Be aware that an overwatered plant can also get brown leaf tips, but usually, this happens with other signs of root rot.

Lack of Diversity

Lack of variety in the plant’s leaves may indicate inadequate light. Maintaining the desired variegation on your Birkins is dependent on adequate sunlight. 

Move the plant to a location with bright indirect light if the leaves start turning solid green; this may help the variegation return.

Avoid placing them in direct sunlight, which can cause the leaves to scorch and form brown spots.

Creative Ways to Present Philodendron Birkin in your Home

white wall-mounted planters with green leaves hanging over the edge

Plant Stand

Instead of purchasing large, cumbersome pots, choose a plant stand to free up your floors and give the appearance of more room. Using this technique, you can transform your standard tabletop plant into a striking object with a fashionable stand.

Choose a simple layout to prevent drawing attention away from the plants.

Vertical Garden

A vertical garden is perfect if you live in a small flat because the wall will take up all your space. And what better way to brighten your house than to build a green feature wall?

Hang a couple of potted plants on a well-lit wall (you also want to choose a wall that receives the most natural light).

Striking Pots

Get rid of the outdated containers you purchased from the nursery and grow your plants in something a little more striking.

Choose a concrete pot to go with your decor if you want it to have an industrial feel, or grow your plants in a woven basket to bring coziness to your space.

You can even paint your pot a striking color that will go great with your striped philodendron Birkin’s leaves.

Other Useful Information About Philodendron Birkin

Is Philodendron Birkin Toxic to Cats?

Philodendron Birkin is toxic to cats.

Ingesting the plant may result in severe hypersalivation or vomiting since philodendrons contain a chemical called Calcium Oxalate crystals that irritate the throat or stomach.

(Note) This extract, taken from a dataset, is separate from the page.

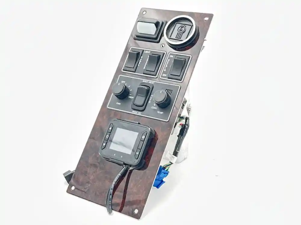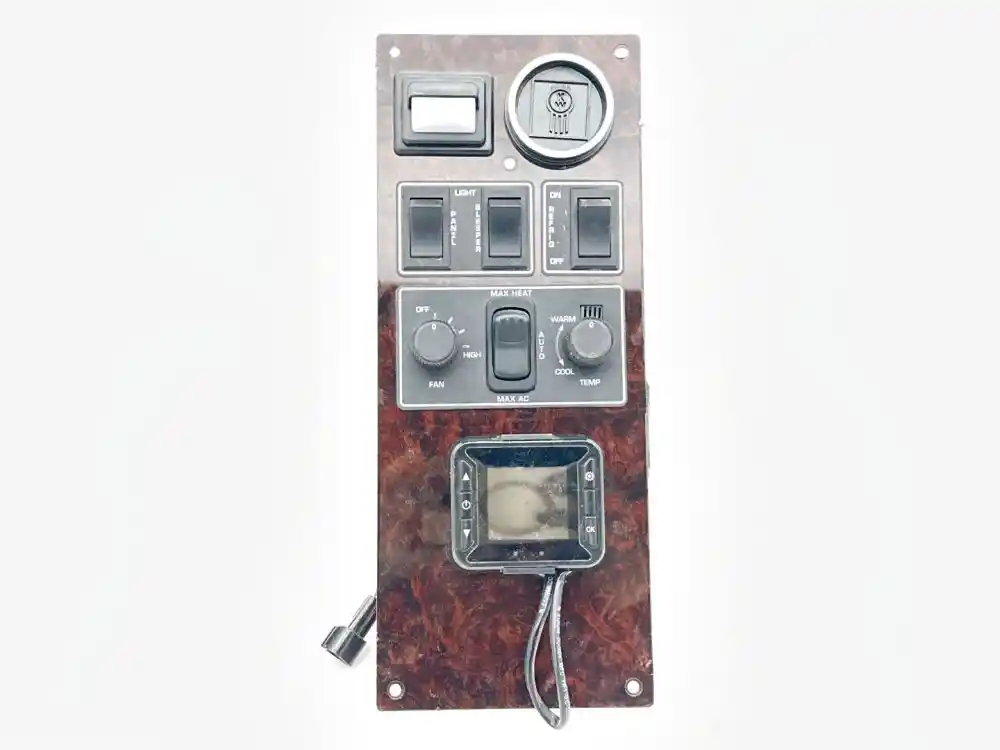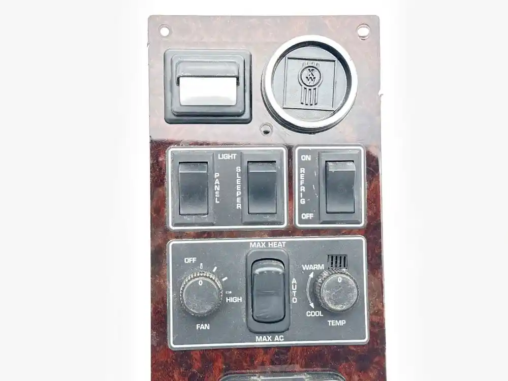 (Used) 2019 Kenworth W900, LIGHTS SWITCH PANNEL- Part Number: U64-1156-61100, Controls: Light Panel Sleeper, REFRIG ON/OFF, Max Heat, FAN, Temp, Includes: Air Diesel Heater Controller, Material: Plastic and Aluminum, Reference images for condition. ,

Is Philodendron Birkin Toxic to Dogs?

Philodendron Birkin is toxic for dogs, causing digestive problems, diarrhea, and vomiting.

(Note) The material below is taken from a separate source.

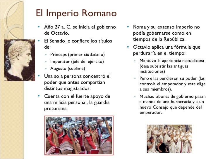 20. 20. El Imperio Romano <ul><li>Año 27 a. C. se inicia el gobierno de Octavio. </li></ul><ul><li>El Senado le confiere los títulos de: </li></ul><ul><ul><li>Princeps (primer ciudadano) </li></ul></ul><ul><ul><li>Imperator (jefe del ejército) </li></ul></ul><ul><ul><li>Augusto (sublime) </li></ul></ul><ul><li>Una sola persona concentró el poder que antes compartían distintos magistrados. </li></ul><ul><li>Cuenta con el fuerte apoyo de una milicia personal, la guardia pretoriana. </li></ul><ul><li>Roma y su extenso imperio no podía gobernarse como en tiempos de la República. </li></ul><ul><li>Octavio aplica una fórmula que perduraría en el tiempo: </li></ul><ul><ul><li>Mantuvo la apariencia republicana (deja subsistir las antiguas instituciones) </li></ul></ul><ul><ul><li>Pero ellas perdieron su poder (las controla el emperador y este elige a sus miembros). </li></ul></ul><ul><ul><li>Muchas labores de gobierno pasan a manos de una burocracia y a un nuevo Consejo que depende del emperador. </li></ul></ul>

Call a veterinarian immediately and rinse your dog’s mouth with running water if you believe they have been poisoned.

Philodendron Birkin Plant Benefits

Philodendron Birkin helps in air purification, humidity regulation, and natural soundproofing. In addition to being beautiful, leaves are excellent in removing poisons and carbon dioxide from the air.

It is also simple for beginners for its low maintenance requirements, capacity for growth, and improved adaptability.